### HOW TO COMPLETE THIS TASK
Every entry that follows is to be set down exactly, with its pictures omitted.
______________________________
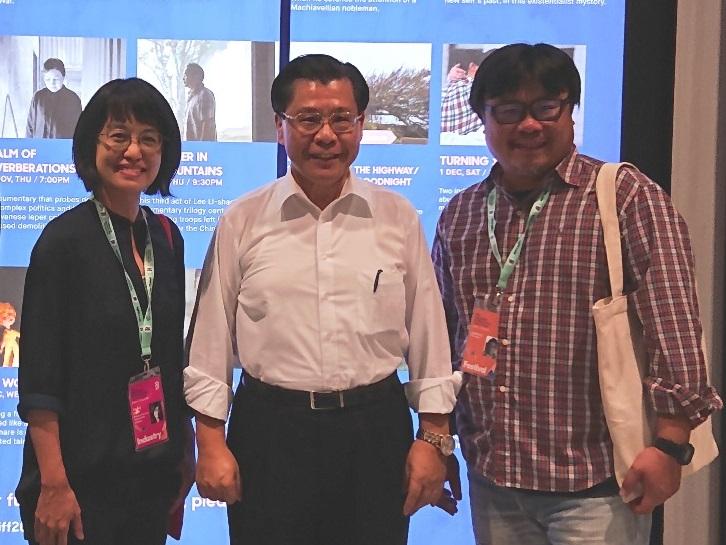 駐新加坡台北代表處梁國新代表(中)於11月30日出席觀賞紀錄片「在高速公路上游泳」,與導演吳耀東(右)、「財團法人國家電影中心」副執行長陳德齡合影。
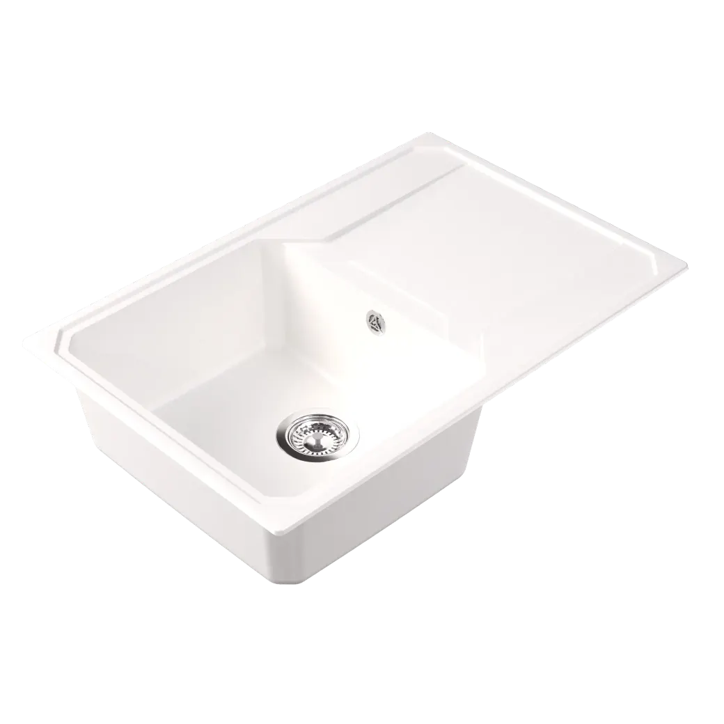 Кухонный блок, мм – 500 Габариты мойки, мм – 760х500х197 Глубина чаши, мм – 180 Материал – литьевой мрамор Тип установки – на столешницу (врезная) Реверсивность – да Дополнительные отверстия под аксессуары – да Гарантия – 2 года
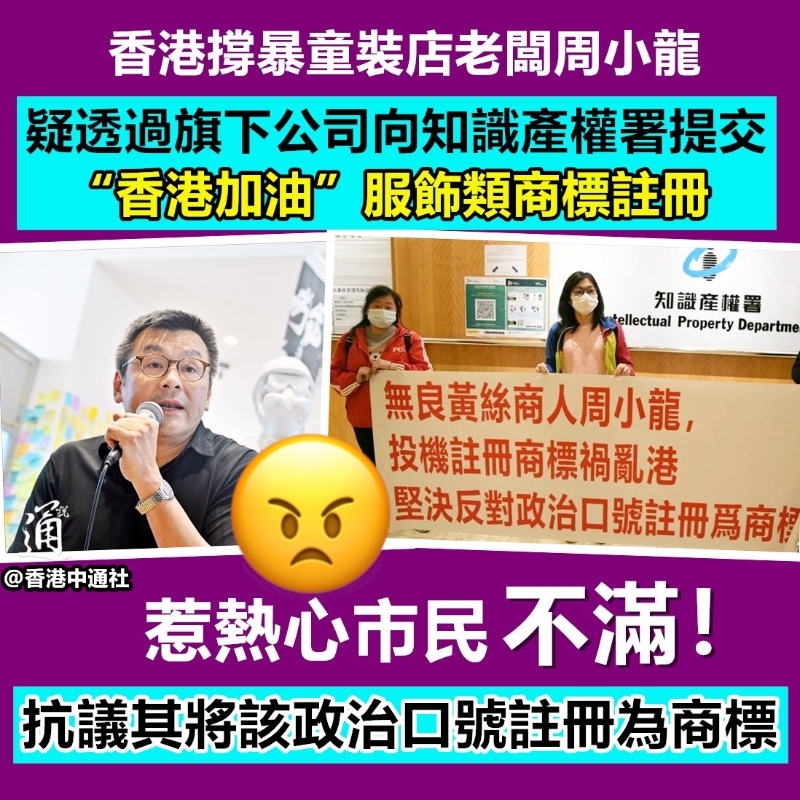 香港新聞網1月18日電 香港童裝店Chickeeduck行政總裁周小龍被揭發,透過旗下公司,向知識產權署提交“香港加油”的服飾類商標註冊。一批香港市民近日前往知識產權署辦事處抗議,反對有人將該政治口號註冊為商標,並向署長遞交請願信。 在知識產權署辦事處門外,三女一男手持“無良黃絲商人周小龍,投註注冊商標禍亂港,堅決反對政治口號註冊為商標”横額,又高叫口號。知識產權署一名男職員代為接收請願信,4名市民其後和平散去,整個過程約30分鐘。
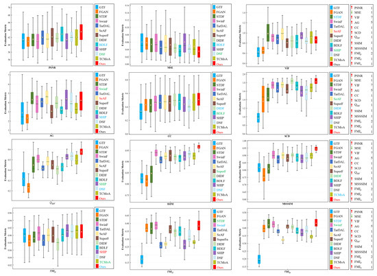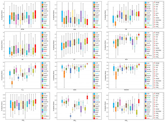 Evaluation metrics. Given the deficiency of ground truth in IVIF, it is insufficient to rely solely on subjective visual assessments to evaluate the quality of fusion images, particularly when the two fusion images are nearly indistinguishable visually. To make the results more convincing, we select twelve quantitative metrics to comprehensively and objectively evaluate our method, including the sum of the correlation differences (SCD) [53], correlation coefficient (CC) [54], average gradient (AG) [55], visual information fidelity (VIF) [56], mean square error (MSE) [57], peak signal-to-noise ratio (PSNR) [58], edge information () [59], multi-scale structural similarity (MSSSIM) [60], structural similarity (SSIM) [61], mutual information (based on wavelet feature (), discrete cosine feature (), and pixel feature ()) [62]. Except for MSE, higher values indicate superior fusion performance.
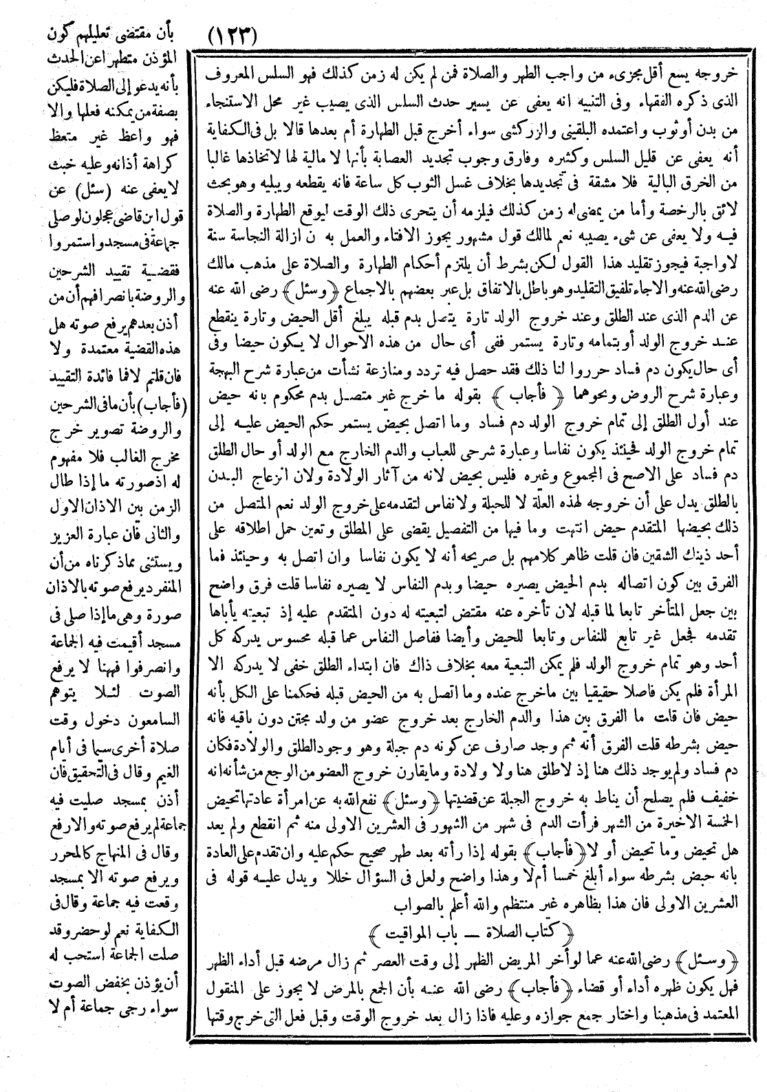 خُرُوجِهِ يَسَعُ أَقَلَّ مُجْزِئٍ مِنْ وَاجِبِ الطُّهْرِ وَالصَّلَاةِ فَمَنْ لَمْ يَكُنْ لَهُ زَمَنٌ كَذَلِكَ فَهُوَ السَّلَسُ الْمَعْرُوفُ الَّذِي ذَكَرَهُ الْفُقَهَاءُ وَفِي التَّنْبِيهِ أَنَّهُ يُعْفَى عَنْ يَسِيرِ حَدَثِ السَّلَسِ الَّذِي يُصِيبُ غَيْرَ مَحَلِّ الِاسْتِنْجَاءِ مِنْ بَدَنٍ، أَوْ ثَوْبٍ وَاعْتَمَدَهُ الْبُلْقِينِيُّ وَالزَّرْكَشِيُّ سَوَاءٌ أَخَرَجَ قَبْلَ الطَّهَارَةِ أَمْ بَعْدَهَا قَالَا بَلْ فِي الْكِفَايَةِ أَنَّهُ يُعْفَى عَنْ قَلِيلِ السَّلَسِ وَكَثِيرِهِ وَفَارَقَ وُجُوبَ تَجْدِيدِ الْعِصَابَةِ بِأَنَّهَا لَا مَالِيَّةَ لَهَا لِاِتِّخَاذِهَا غَالِبًا مِنْ الْخِرَقِ الْبَالِيَةِ فَلَا مَشَقَّةَ فِي تَجْدِيدِهَا بِخِلَافِ غَسْلِ الثَّوْبِ كُلَّ سَاعَةٍ فَإِنَّهُ يَقْطَعُهُ وَيُبْلِيه وَهُوَ بَحْثٌ لَائِقٌ بِالرُّخْصَةِ.
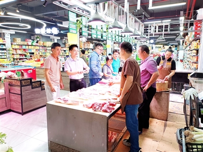 执法人员先后到镇农贸市场、商场超市、肉食经营店、饭店(农家乐)等重点经营场所对生鲜、冰冻肉类进行检查,详细了解经营方的原材料采购、物流运输、食品配送、超保质期食品处置等流程,了解其经营情况,严格要求肉类销售做到货票一致、来源可查、去向可追,全面整治无证无章、证章不全、货证不符、来历不明的肉品上市销售,并向肉类经营主体宣讲《食品安全法》《生猪屠宰管理条例》等法律法规,督促指导经营者严格落实食品安全两个责任,指导按照规范储存食品,严控肉类产品质量安全关。
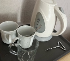 Номер с кухней для семьи с ребёнком тесноват, хотя возможность приготовить, что нужно, искупает этот недостаток. Розеток хватает. Стиральная машина, холодильник и микроволновка работают, плитка индукционная, с одним жарочным местом, управление удобное. Посуды минимальный набор, в принципе хватает, но кастрюлю можно было бы выдать и вторую)
______________________________
### ANSWER BELOW
 駐新加坡台北代表處梁國新代表(中)於11月30日出席觀賞紀錄片「在高速公路上游泳」,與導演吳耀東(右)、「財團法人國家電影中心」副執行長陳德齡合影。
 Кухонный блок, мм – 500 Габариты мойки, мм – 760х500х197 Глубина чаши, мм – 180 Материал – литьевой мрамор Тип установки – на столешницу (врезная) Реверсивность – да Дополнительные отверстия под аксессуары – да Гарантия – 2 года
 香港新聞網1月18日電 香港童裝店Chickeeduck行政總裁周小龍被揭發,透過旗下公司,向知識產權署提交“香港加油”的服飾類商標註冊。一批香港市民近日前往知識產權署辦事處抗議,反對有人將該政治口號註冊為商標,並向署長遞交請願信。 在知識產權署辦事處門外,三女一男手持“無良黃絲商人周小龍,投註注冊商標禍亂港,堅決反對政治口號註冊為商標”横額,又高叫口號。知識產權署一名男職員代為接收請願信,4名市民其後和平散去,整個過程約30分鐘。
 Evaluation metrics. Given the deficiency of ground truth in IVIF, it is insufficient to rely solely on subjective visual assessments to evaluate the quality of fusion images, particularly when the two fusion images are nearly indistinguishable visually. To make the results more convincing, we select twelve quantitative metrics to comprehensively and objectively evaluate our method, including the sum of the correlation differences (SCD) [53], correlation coefficient (CC) [54], average gradient (AG) [55], visual information fidelity (VIF) [56], mean square error (MSE) [57], peak signal-to-noise ratio (PSNR) [58], edge information () [59], multi-scale structural similarity (MSSSIM) [60], structural similarity (SSIM) [61], mutual information (based on wavelet feature (), discrete cosine feature (), and pixel feature ()) [62]. Except for MSE, higher values indicate superior fusion performance.
 خُرُوجِهِ يَسَعُ أَقَلَّ مُجْزِئٍ مِنْ وَاجِبِ الطُّهْرِ وَالصَّلَاةِ فَمَنْ لَمْ يَكُنْ لَهُ زَمَنٌ كَذَلِكَ فَهُوَ السَّلَسُ الْمَعْرُوفُ الَّذِي ذَكَرَهُ الْفُقَهَاءُ وَفِي التَّنْبِيهِ أَنَّهُ يُعْفَى عَنْ يَسِيرِ حَدَثِ السَّلَسِ الَّذِي يُصِيبُ غَيْرَ مَحَلِّ الِاسْتِنْجَاءِ مِنْ بَدَنٍ، أَوْ ثَوْبٍ وَاعْتَمَدَهُ الْبُلْقِينِيُّ وَالزَّرْكَشِيُّ سَوَاءٌ أَخَرَجَ قَبْلَ الطَّهَارَةِ أَمْ بَعْدَهَا قَالَا بَلْ فِي الْكِفَايَةِ أَنَّهُ يُعْفَى عَنْ قَلِيلِ السَّلَسِ وَكَثِيرِهِ وَفَارَقَ وُجُوبَ تَجْدِيدِ الْعِصَابَةِ بِأَنَّهَا لَا مَالِيَّةَ لَهَا لِاِتِّخَاذِهَا غَالِبًا مِنْ الْخِرَقِ الْبَالِيَةِ فَلَا مَشَقَّةَ فِي تَجْدِيدِهَا بِخِلَافِ غَسْلِ الثَّوْبِ كُلَّ سَاعَةٍ فَإِنَّهُ يَقْطَعُهُ وَيُبْلِيه وَهُوَ بَحْثٌ لَائِقٌ بِالرُّخْصَةِ.
 执法人员先后到镇农贸市场、商场超市、肉食经营店、饭店(农家乐)等重点经营场所对生鲜、冰冻肉类进行检查,详细了解经营方的原材料采购、物流运输、食品配送、超保质期食品处置等流程,了解其经营情况,严格要求肉类销售做到货票一致、来源可查、去向可追,全面整治无证无章、证章不全、货证不符、来历不明的肉品上市销售,并向肉类经营主体宣讲《食品安全法》《生猪屠宰管理条例》等法律法规,督促指导经营者严格落实食品安全两个责任,指导按照规范储存食品,严控肉类产品质量安全关。
 Номер с кухней для семьи с ребёнком тесноват, хотя возможность приготовить, что нужно, искупает этот недостаток. Розеток хватает. Стиральная машина, холодильник и микроволновка работают, плитка индукционная, с одним жарочным местом, управление удобное. Посуды минимальный набор, в принципе хватает, но кастрюлю можно было бы выдать и вторую)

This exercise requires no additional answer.